Host: The four possibilities based on the similarity scores are: A) High 𝑠 ( 𝑅 ) and low 𝑠 ( 𝑀 ), 𝑠 ( 𝐴 ): The feature likely existed in 𝑅 𝐿 −1 and was translated to 𝑅 𝐿 . B) High 𝑠 ( 𝑅 ) and high 𝑠 ( 𝑀 ) or 𝑠 ( 𝐴 ): The feature was likely processed by the MLP or attention. C) Low 𝑠 ( 𝑅 ) but high 𝑠 ( 𝑀 ) or 𝑠 ( 𝐴 ): The feature may be newborn, created by the MLP or attention. D) Low 𝑠 ( 𝑅 ) and low 𝑠 ( 𝑀 ), 𝑠 ( 𝐴 ): The feature cannot be easily explained by maximum cosine similarity alone. The threshold for high and low are specific for each layer.
Guest: Okay, that makes sense. So, they're using the cosine similarity scores to categorize each feature based on its relationship to the previous layer and the MLP and attention modules. What's the reasoning for the low 𝑠 ( 𝑅 ) but high 𝑠 ( 𝑀 ) or 𝑠 ( 𝐴 ) case?
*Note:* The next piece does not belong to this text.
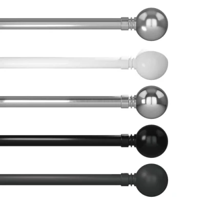 Sturdy metal curtain pole suitable for light to heavy weight curtains Telescopic action for adjustment to the perfect width e.g. If window is 300cm, simply purchase 210-400cm poles Suitable for eyelet top curtains or purchase additional rings in packs of 12 for use with tab top curtains The finals are approx 7.5cm each dependant on design All fittings and instructions included. All you need is a drill and pencil.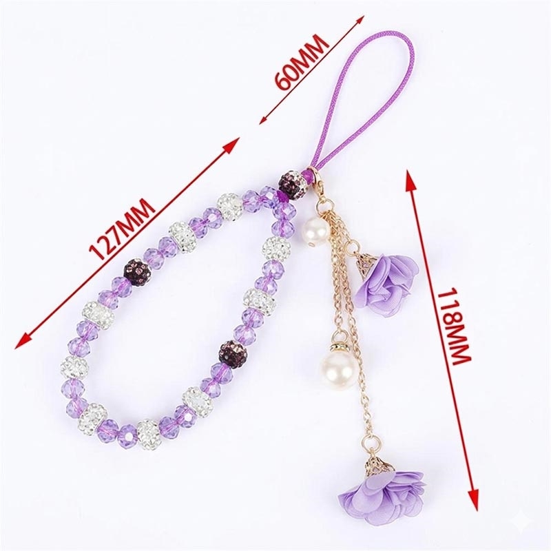 18,7 cm lang telefonrem med krystalperler og rosenvedhæng - håndledsrem og håndkæde til mobiltelefon

Host: The reasoning is that a low score on 𝑠 ( 𝑅 ) means that the feature is not strongly related to the previous layer's output. But a high score on 𝑠 ( 𝑀 ) or 𝑠 ( 𝐴 ) means that it's strongly related to the MLP or attention module. It suggests that the feature wasn't present in the previous layer but was created or significantly modified by the MLP or attention module in the current layer. Thus, the feature may be newborn, created by the MLP or attention. The model may be creating a new feature.